» **ACTION ITEM**:
Write the data out again exactly, with every picture removed.

» **PROVIDED ENTRIES**:
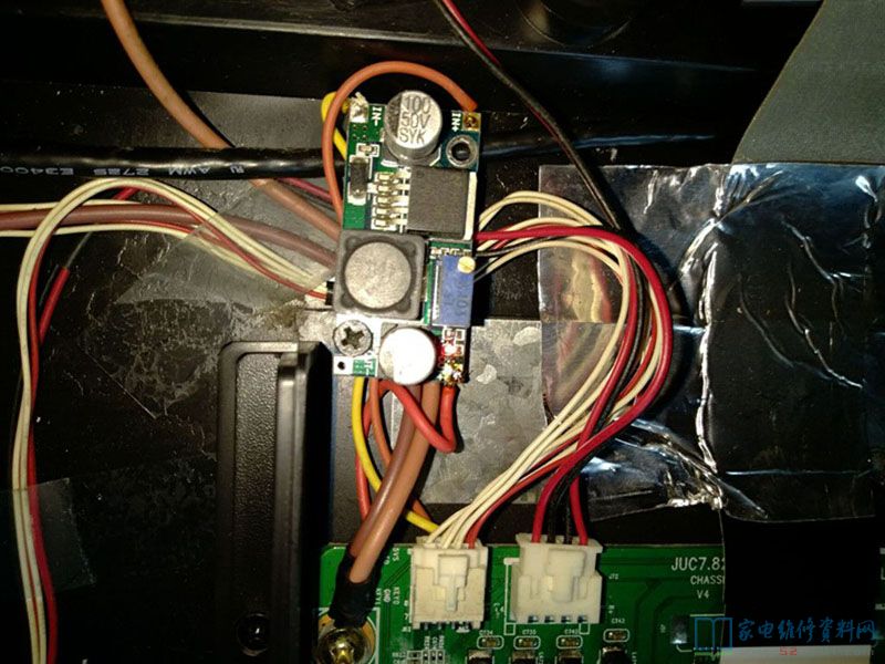 DC-DC转换没办法恢复了,在外面加上一块马云家的可调DC-DC转换模块,如图,首先调到电压最低,开机慢慢调高,测量后面三端稳压器的电压一直上升到3.3V后停止不再上升,说明损坏的DC-DC转换输出电压应该是+5V。把它调到+5V。关机再次开机。电视已经修复。
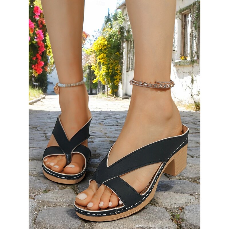 Highlights - Premium faux leather upper for a sophisticated look. - Chunky heel for added stability and comfort. - Round toe shape for a classic and timeless style. - Open toe design for a touch of elegance. - Durable rubber outsole for long-lasting wear. - Stay ahead of the trend with our 2024 platform sandals.
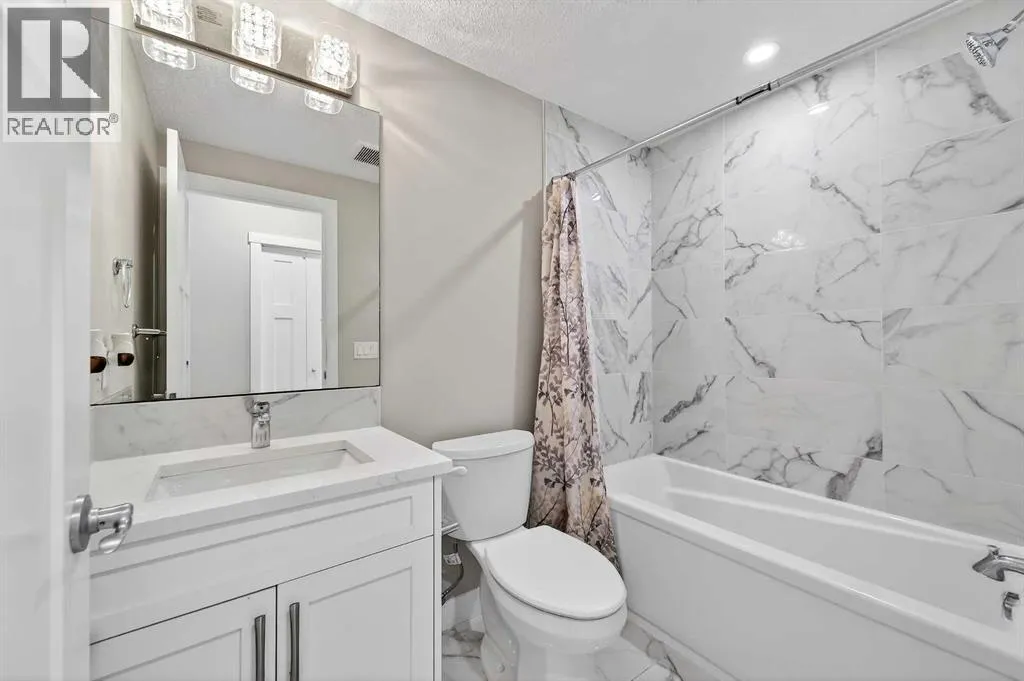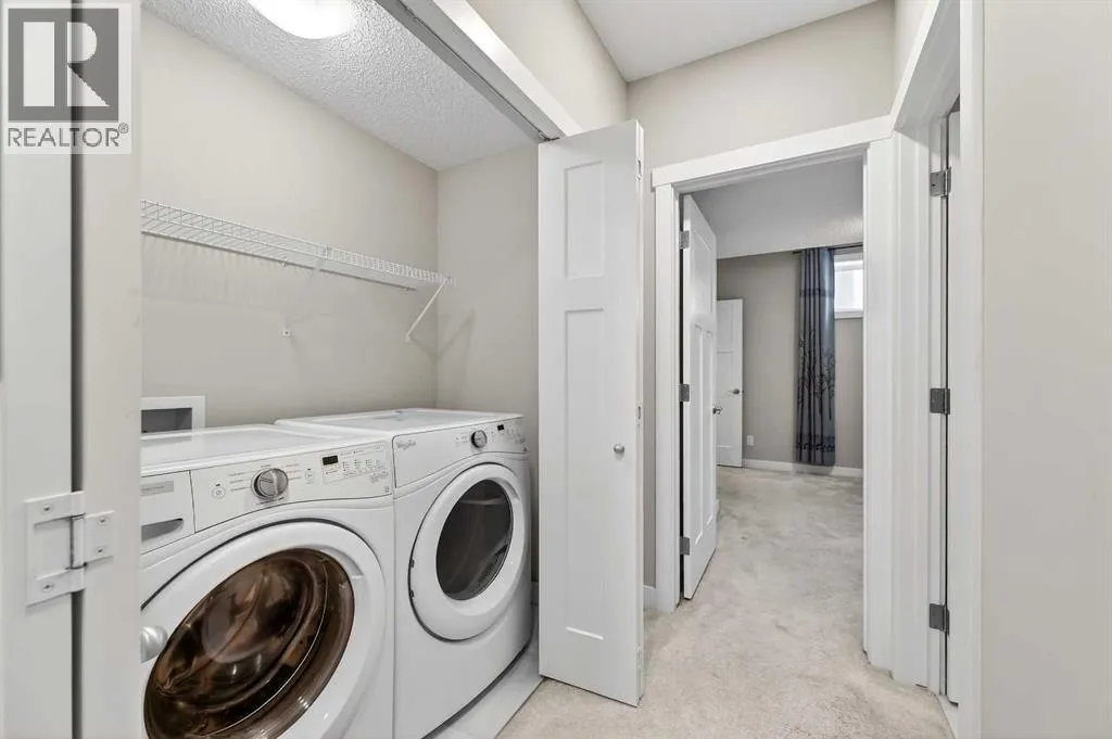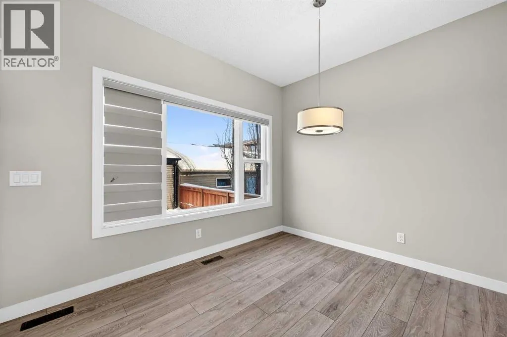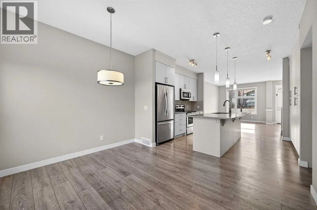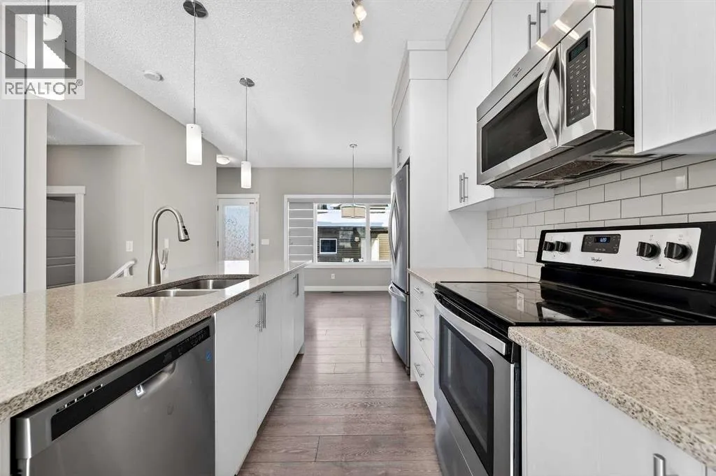 Beautifully designed 4 bedroom home offering over 2,000 sq. ft. of fully developed living space. With three bedrooms upstairs and one in the fully finished lower level, this thoughtfully laid out property combines modern finishes with functional design, perfect for families or those seeking flexible living space. A welcoming foyer opens to a bright, open concept main floor featuring 9 foot ceilings and luxury vinyl plank flooring. The stylish kitchen showcases an extended island, stainless steel appliance package, soft close cabinetry, and ample counter and cupboard space, ideal for everyday living and entertaining. Just off the dining nook, you will find access to the private back deck and fenced backyard, creating seamless indoor outdoor flow. A convenient 2 piece powder room completes the main level, along with access to the extra wide double detached garage. The fully developed lower level also features 9 foot ceilings and includes a spacious media or recreation room, versatile flex space perfect for a home office or gym, a large fourth bedroom with generous closet space, a 4 piece bathroom, and a dedicated laundry area with washer and dryer included. Upstairs, soaring ceilings and abundant natural light enhance the space. The primary suite offers a vaulted ceiling, large windows, a 4 piece ensuite, and an impressive walk in closet. Two additional bedrooms and another 4 piece bathroom complete the upper level. Adding to the homeâs charm, a lovely front deck welcomes you as you walk up the front stairs, the perfect place to enjoy your morning coffee. Ideally located close to some of Calgaryâs top rated schools, parks, pathways, shopping, dining, and everyday amenities, this home offers the perfect balance of lifestyle and convenience. Thoughtfully finished across all three levels, it delivers space, style, and functionality in an exceptional setting. (id:27476)
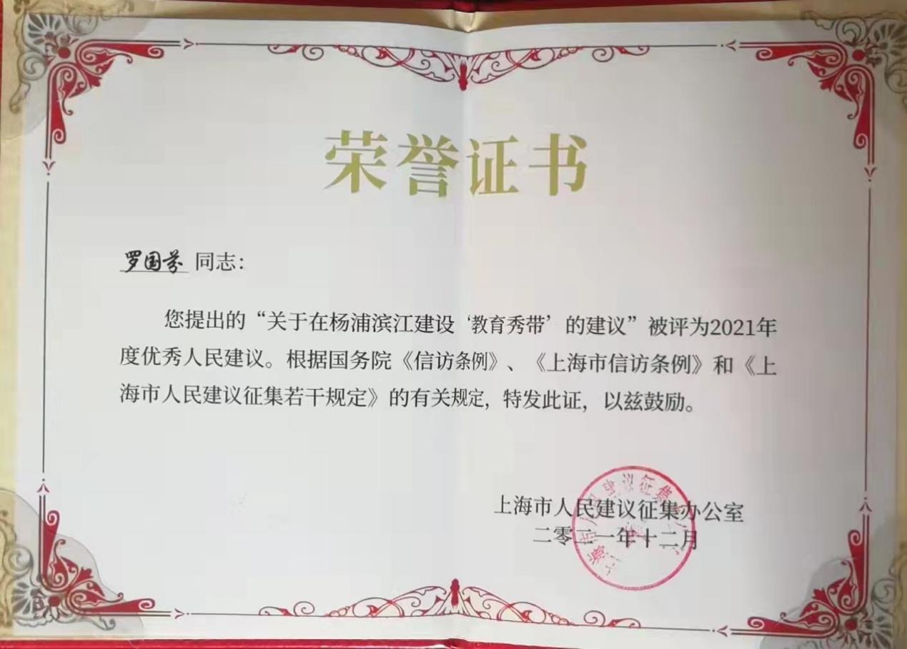 In accordance with the relevant provisions of the regulations of the State Council on letters and visits, the regulations of Shanghai Municipality on letters and visits and the provisions of Shanghai Municipality on the collection of people's suggestions, the Shanghai Municipal People's suggestion collection office issued the honorary certificate and trophy of Shanghai excellent people's suggestion in 2021 to Comrade LUO Guofen. Dr. LUO Guofen was also invited to present awards to the winners as an awarding guest.
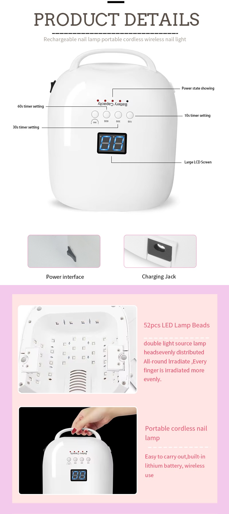 The Handheld Portable Gel Nail Drying Lamp delivers 86 watts of curing power through high-quality LED bulbs rated for 50,000 hours of operation. This substantial power output enables rapid 10-second curing for most gel formulations, significantly reducing service times compared to lower-wattage alternatives. The cordless design, powered by a rechargeable battery, eliminates the constraints of power outlets, allowing technicians to work freely in any location.
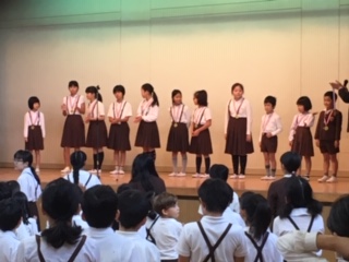 一昨日に行われました本田まつりで催された「豆つかみ」の各学年上位2名が発表されました。壇上で金メダルが授与されました。みんな鼻高々です。
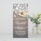 Wedding Program Rack Cards Templates - Vintage Lace, Sunflower and String Lights on Rustic Wood Background.
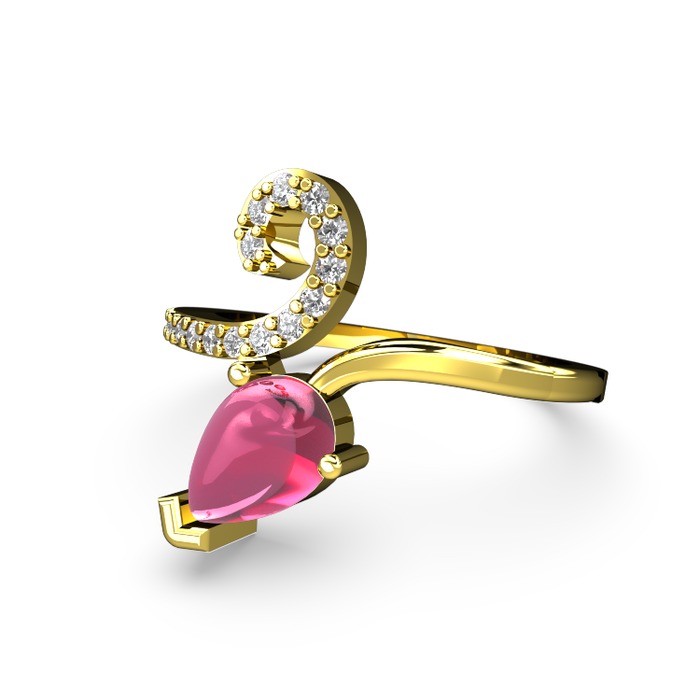 Pırlanta ve pembe kuvars 8 ayar altın yüzük (0.27 karat)
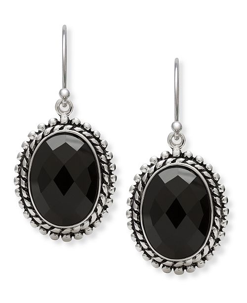 Macy S Black Onyx 10 X14 Mm Fishhook Earrings In Sterling Silver
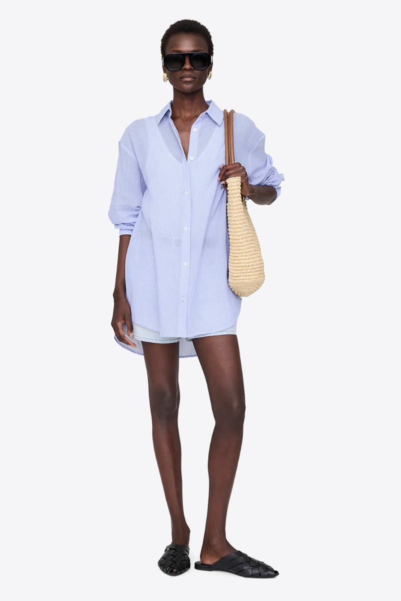 La chemise Plaza signée Anine Bing s’impose comme l’essentiel tailoring de la saison. Sa coupe oversize au tombé structuré, sa base asymétrique et son motif rayé bleu ciel et blanc insufflent une élégance facile à ce modèle à l'esprit masculin-féminin. En voile de coton, elle combine fraîcheur et structure, parfaite pour les journées lumineuses.
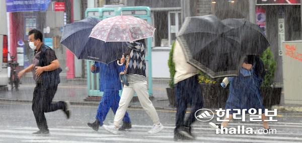 태풍 '찬투'가 다가오면서 16일 오후부터 제주지역에 많은 비가 내리자 시민들이 바쁘게 발걸음을 움직이고 있다. 강희만 기자
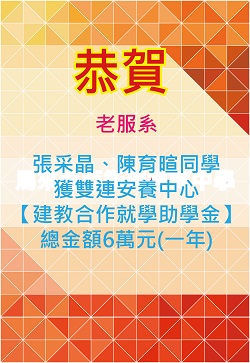 恭賀~老服系張采晶、陳育暄同學獲雙連安養中心【建教合作就學助學金】總金額6萬元(一年)。 (2019-11-01)

» **ANSWER BELOW**:
 DC-DC转换没办法恢复了,在外面加上一块马云家的可调DC-DC转换模块,如图,首先调到电压最低,开机慢慢调高,测量后面三端稳压器的电压一直上升到3.3V后停止不再上升,说明损坏的DC-DC转换输出电压应该是+5V。把它调到+5V。关机再次开机。电视已经修复。
 Highlights - Premium faux leather upper for a sophisticated look. - Chunky heel for added stability and comfort. - Round toe shape for a classic and timeless style. - Open toe design for a touch of elegance. - Durable rubber outsole for long-lasting wear. - Stay ahead of the trend with our 2024 platform sandals.
 Beautifully designed 4 bedroom home offering over 2,000 sq. ft. of fully developed living space. With three bedrooms upstairs and one in the fully finished lower level, this thoughtfully laid out property combines modern finishes with functional design, perfect for families or those seeking flexible living space. A welcoming foyer opens to a bright, open concept main floor featuring 9 foot ceilings and luxury vinyl plank flooring. The stylish kitchen showcases an extended island, stainless steel appliance package, soft close cabinetry, and ample counter and cupboard space, ideal for everyday living and entertaining. Just off the dining nook, you will find access to the private back deck and fenced backyard, creating seamless indoor outdoor flow. A convenient 2 piece powder room completes the main level, along with access to the extra wide double detached garage. The fully developed lower level also features 9 foot ceilings and includes a spacious media or recreation room, versatile flex space perfect for a home office or gym, a large fourth bedroom with generous closet space, a 4 piece bathroom, and a dedicated laundry area with washer and dryer included. Upstairs, soaring ceilings and abundant natural light enhance the space. The primary suite offers a vaulted ceiling, large windows, a 4 piece ensuite, and an impressive walk in closet. Two additional bedrooms and another 4 piece bathroom complete the upper level. Adding to the homeâs charm, a lovely front deck welcomes you as you walk up the front stairs, the perfect place to enjoy your morning coffee. Ideally located close to some of Calgaryâs top rated schools, parks, pathways, shopping, dining, and everyday amenities, this home offers the perfect balance of lifestyle and convenience. Thoughtfully finished across all three levels, it delivers space, style, and functionality in an exceptional setting. (id:27476)
 In accordance with the relevant provisions of the regulations of the State Council on letters and visits, the regulations of Shanghai Municipality on letters and visits and the provisions of Shanghai Municipality on the collection of people's suggestions, the Shanghai Municipal People's suggestion collection office issued the honorary certificate and trophy of Shanghai excellent people's suggestion in 2021 to Comrade LUO Guofen. Dr. LUO Guofen was also invited to present awards to the winners as an awarding guest.
 The Handheld Portable Gel Nail Drying Lamp delivers 86 watts of curing power through high-quality LED bulbs rated for 50,000 hours of operation. This substantial power output enables rapid 10-second curing for most gel formulations, significantly reducing service times compared to lower-wattage alternatives. The cordless design, powered by a rechargeable battery, eliminates the constraints of power outlets, allowing technicians to work freely in any location.
 一昨日に行われました本田まつりで催された「豆つかみ」の各学年上位2名が発表されました。壇上で金メダルが授与されました。みんな鼻高々です。
 Wedding Program Rack Cards Templates - Vintage Lace, Sunflower and String Lights on Rustic Wood Background.
 Pırlanta ve pembe kuvars 8 ayar altın yüzük (0.27 karat)
 Macy S Black Onyx 10 X14 Mm Fishhook Earrings In Sterling Silver
 La chemise Plaza signée Anine Bing s’impose comme l’essentiel tailoring de la saison. Sa coupe oversize au tombé structuré, sa base asymétrique et son motif rayé bleu ciel et blanc insufflent une élégance facile à ce modèle à l'esprit masculin-féminin. En voile de coton, elle combine fraîcheur et structure, parfaite pour les journées lumineuses.
 태풍 '찬투'가 다가오면서 16일 오후부터 제주지역에 많은 비가 내리자 시민들이 바쁘게 발걸음을 움직이고 있다. 강희만 기자
 恭賀~老服系張采晶、陳育暄同學獲雙連安養中心【建教合作就學助學金】總金額6萬元(一年)。 (2019-11-01)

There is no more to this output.